(Exercise prompt)
Find the line with "والقى جنبلاط كلمة" in the records below, then please transcribe it and every later line exactly, omitting the pictures and adding nothing.

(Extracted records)
● ● ●

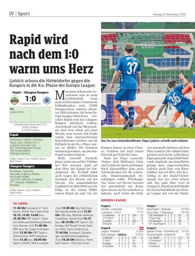 Ljubicic schoss die Hütteldorfer gegen die Rangers in die K.o.-Phase der Europa League.
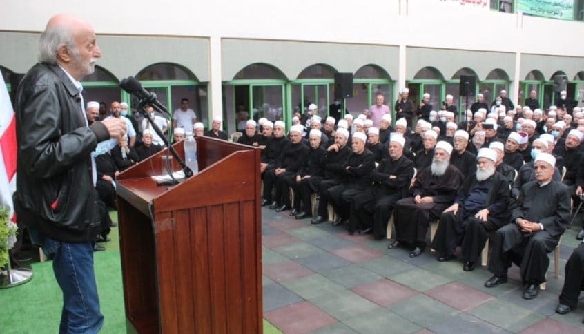 والقى جنبلاط كلمة قال فيها: “إنه القدر والوصية، هو قدري، وهو وصية كمال جنبلاط والشيخ علي زين الدين بأن أرث رسالة العرفان، تلك المؤسسة في التعليم والتوحيد والاخلاق والكفاح والتسامح وعند الضرورة كانت في الحرب. لذلك كنت معكم وسأبقى، وسيبقى تيمور معكم، وكل إمكانيات الحزب التقدمي الاشتراكي والامكانيات الشخصية في هذه المرحلة الدقيقة والتي يبدو ستكون أصعب، لكن هذا القدر ولا مفر منه”.
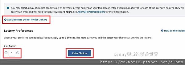 - Alternate Permit Holder: 申請人是許可證持有者(Permit Holder),抽中的日期當天必須到場,不然整組許可證作廢,要避免這種形況發生,可以加上其他組員的名字和email當作Alternate Permit Holder,其他組員要在72小時內回email認正。
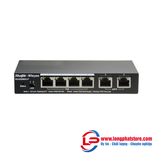 Switch POE 6 cổng 10/100/1000BASE-T Ruijie Reyee RG-ES206GC-P
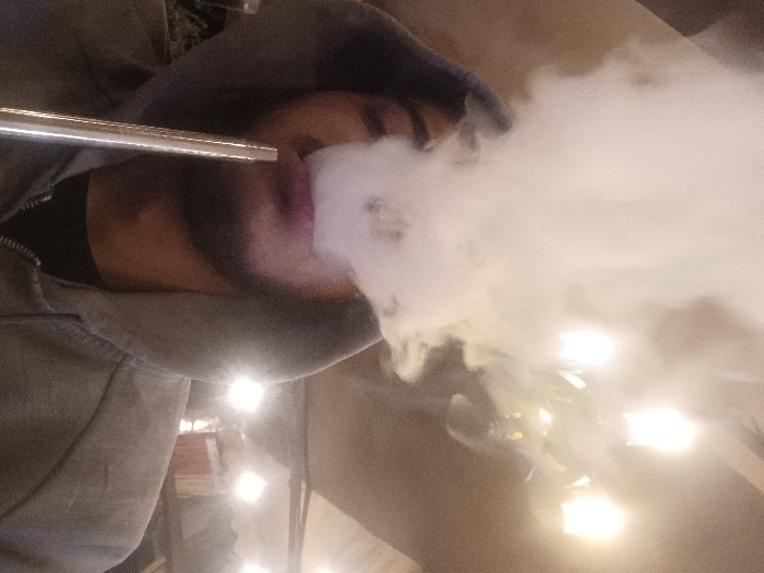 A person wearing a gray hoodie is exhaling a large cloud of white smoke. A metallic tube is near their lips. The smoke obscures the person's face. The background features soft lighting and blurred shapes, possibly indoor plants. The image is slightly rotated.

● ● ●

(Solution for this task)
 والقى جنبلاط كلمة قال فيها: “إنه القدر والوصية، هو قدري، وهو وصية كمال جنبلاط والشيخ علي زين الدين بأن أرث رسالة العرفان، تلك المؤسسة في التعليم والتوحيد والاخلاق والكفاح والتسامح وعند الضرورة كانت في الحرب. لذلك كنت معكم وسأبقى، وسيبقى تيمور معكم، وكل إمكانيات الحزب التقدمي الاشتراكي والامكانيات الشخصية في هذه المرحلة الدقيقة والتي يبدو ستكون أصعب، لكن هذا القدر ولا مفر منه”.
 - Alternate Permit Holder: 申請人是許可證持有者(Permit Holder),抽中的日期當天必須到場,不然整組許可證作廢,要避免這種形況發生,可以加上其他組員的名字和email當作Alternate Permit Holder,其他組員要在72小時內回email認正。
 Switch POE 6 cổng 10/100/1000BASE-T Ruijie Reyee RG-ES206GC-P
 A person wearing a gray hoodie is exhaling a large cloud of white smoke. A metallic tube is near their lips. The smoke obscures the person's face. The background features soft lighting and blurred shapes, possibly indoor plants. The image is slightly rotated.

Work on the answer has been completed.